Tras un breve pensamiento, lo recordó.

—… ¡Joven Señor, luche conmigo!

La sonrisa de Lucen se ensanchó, afilada y peligrosa.

Inclinó la cabeza, haciéndose crujir el cuello como si hubiera estado esperando esas mismas palabras.

—¿Oh?

¿Así que el cachorro ha estado deseando pelear conmigo?

Claro, muéstrame lo que tienes.

—Su tono destilaba diversión, pero el peso tras él presionó a todos en el patio.

En cuanto Thrall oyó a Lucen, se abalanzó rápidamente sobre él.

Era un borrón de músculo y poder puro.

Su puño rasgó el aire, lo bastante rápido como para silbar, pero Lucen se hizo a un lado y el golpe le rozó la mejilla.

Una sonrisa torcida curvó sus labios.

—Demasiado lento.

Gruñendo, Thrall lanzó otro golpe, y luego otro, sus puños martilleando como rocas despeñándose por una montaña.

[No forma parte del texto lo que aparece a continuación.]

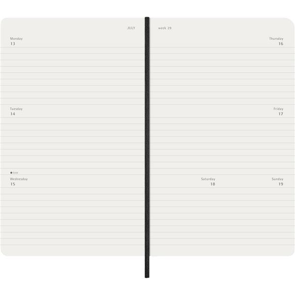 Kalendarz duży (ok. A5, large) MOLESKINE, miękka okładka, tygodniowy, horyzontalny (144 str.), zakładka i elastyczna opaska do zamykania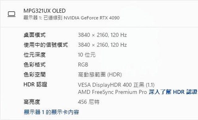▼進階顯示設定的顯示器內容資訊,可使用3840×2160@120Hz信號模式,並支援10位元色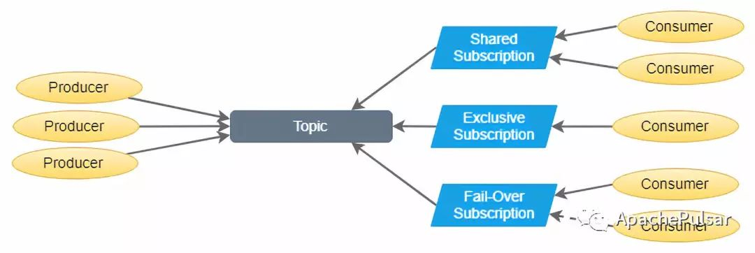 Fail-Over(灾备) - 一个订阅同时只有一个消费者,可以有多个备份消费者。一旦主消费者故障则备份消费者接管。不会出现同时有两个活跃的消费者。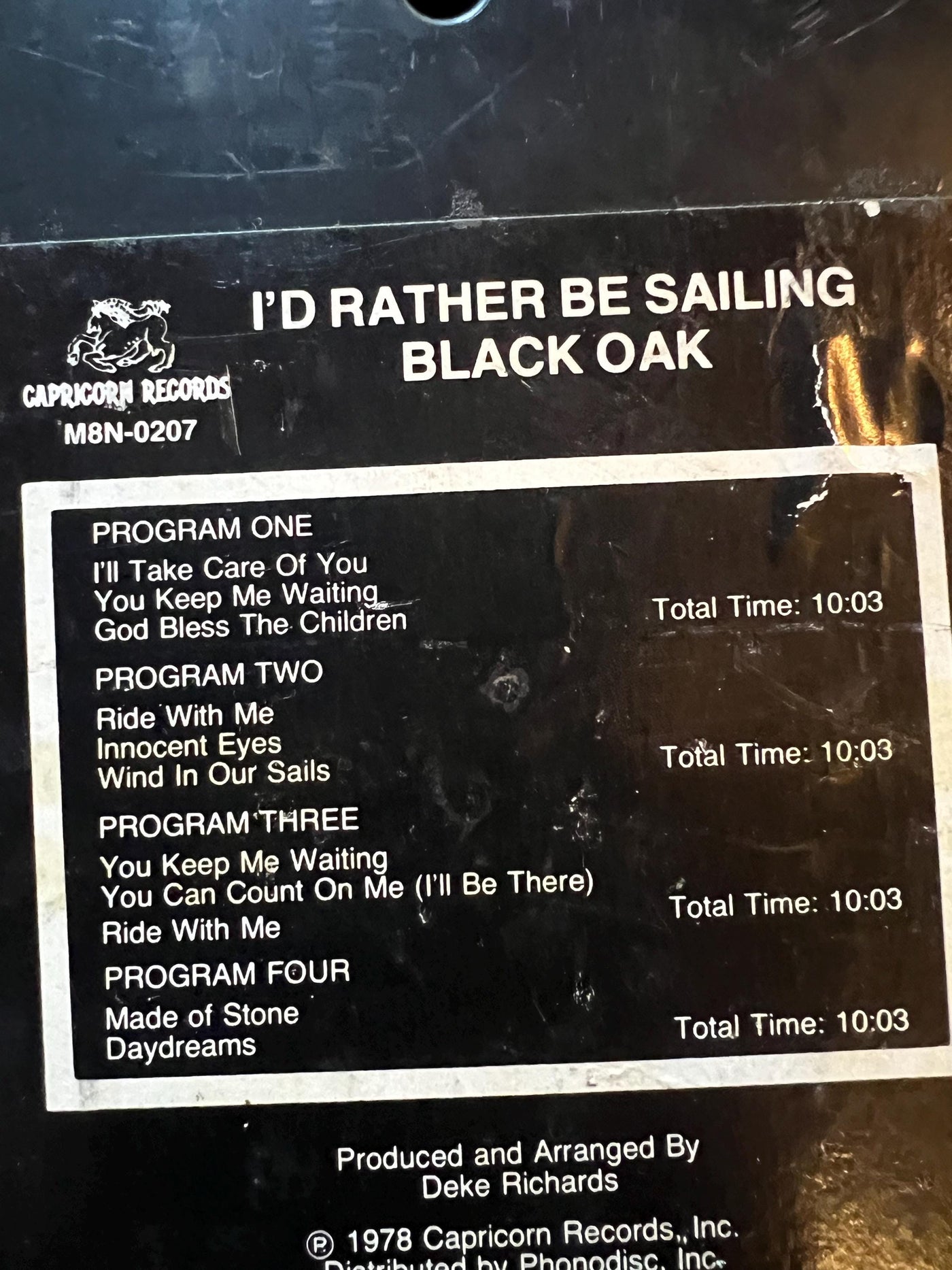 1978 Black Oak “I’d Rather Be Sailing” - Capricorn Records 8-Track Tape

Lucen danzaba a su alrededor, zigzagueando a través de la tormenta como si paseara entre hojas que caen.

Cuando Thrall finalmente se excedió en su alcance, la mano de Lucen salió disparada, sus dedos se clavaron en su brazo como abrazaderas de hierro, antes de estamparlo contra el suelo.

La tierra se agrietó.

El polvo explotó hacia arriba.

***
Varios minutos después de empezar el combate, Thrall estaba en el suelo, respirando con dificultad, mientras Lucen permanecía de pie ante él con una amplia sonrisa.

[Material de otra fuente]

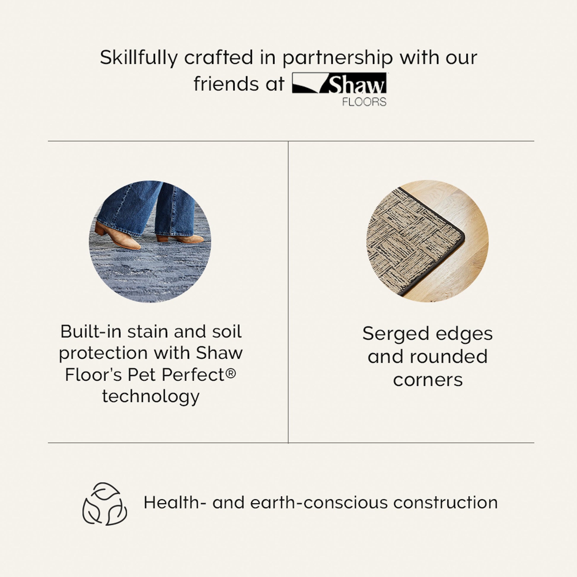 A textural style in an array of neutral hues, the Mockingbird Textured Custom Rug is designed to complement any space. Featuring Pet Perfect Technology from our partners at Shaw Floors, this piece is constructed of hard-wearing, high-performance fibers with built-in protection against stains. It’s super durable and easy to clean to ensure you’ll get to enjoy your made-to-measure rug for years to come. It's even Green Label Plus Certified, which means it promotes good indoor air quality for you and your family. Plus, it’s made with Cradle to Cradle Certified® materials that have been verified as safe for people and the planet alike.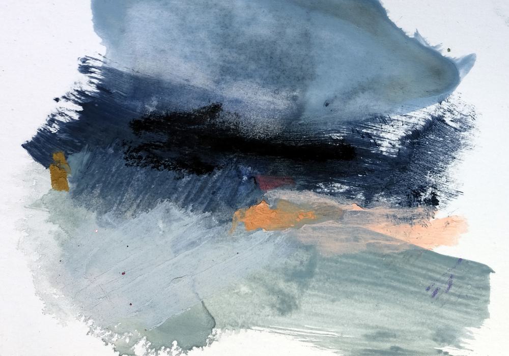Ethereal brushstrokes blend into each other, evoking the feeling of a storm rolling across an open sky, distant and mysterious.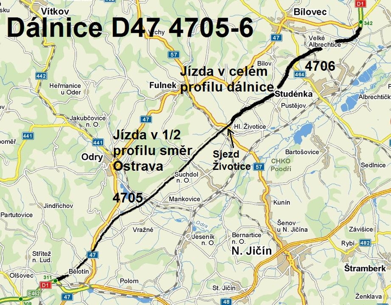 I tak, díky šířce jednoho pruhu, budou vozidla jezdit ve dvou jízdních pruzích v každém směru oddělena kužely. Takto se projede celá stavba 4705 až na začátek úseku 4706 (329,6km), kde dojde k rozdělení dopravy do dvou standardních dálničních jízdních směrů. Následně stavba plynule naváže v kilometru 341,5 (MUK Bílovec) na ostravskou 4707.Díky tomuto propojení dojde k výraznému odlehčení ostatních silnic v regionu spojující Ostravu s Olomoucí a Brnem. V rámci výstavby dálničního úseku 4706 naše společnost SPEL a.s. vybavila v minulých týdnech celý úsek telematickými zařízeními, jako jsou SOS hlásky, Proměnné dopravní značení, přehledový kamerový systém, závory pro silniční údržbu, meteo-systémy, Zařízeními pro proměnné informace a veškerým kabelovým propojením.Všechny zmíněné telematické systémy byly po oživení integrovány do jednotné vizualizace DIS (Dálniční Informační Systém) na SSÚD Ostrava, která slouží pro potřeby údržby dálnice D47(D1) a do NDIC.

—Ha sido una pequeña y agradable distracción, pero no es suficiente.

Vuelve a desafiarme cuando te hagas más fuerte.

Tras decir esas palabras, Lucen se marchó.

Thrall, agotado por la breve batalla, no pudo responder, pero la sonrisa no abandonó su rostro.

***
Lucen quiso intentar interactuar con Bram y Daniel, pero no quería abusar demasiado de Adepto de Actuación, ya que la última vez que lo hizo sintió que estaba perdiendo su propia personalidad.

Aun así, en general, Lucen disfrutó de estas interacciones que tuvo con Veronica y Thrall.

Se estiró, bostezando como si acabara de ver una obra de teatro especialmente satisfactoria.

—Vaya, eso ha sido entretenido —rio entre dientes—.

Ser parte del espectáculo es una sensación bastante refrescante.

Supongo que el Acto Uno del encuentro con los reclutas está completo.

Será mejor que piense qué hacer en el próximo episodio —bromeó para sus adentros.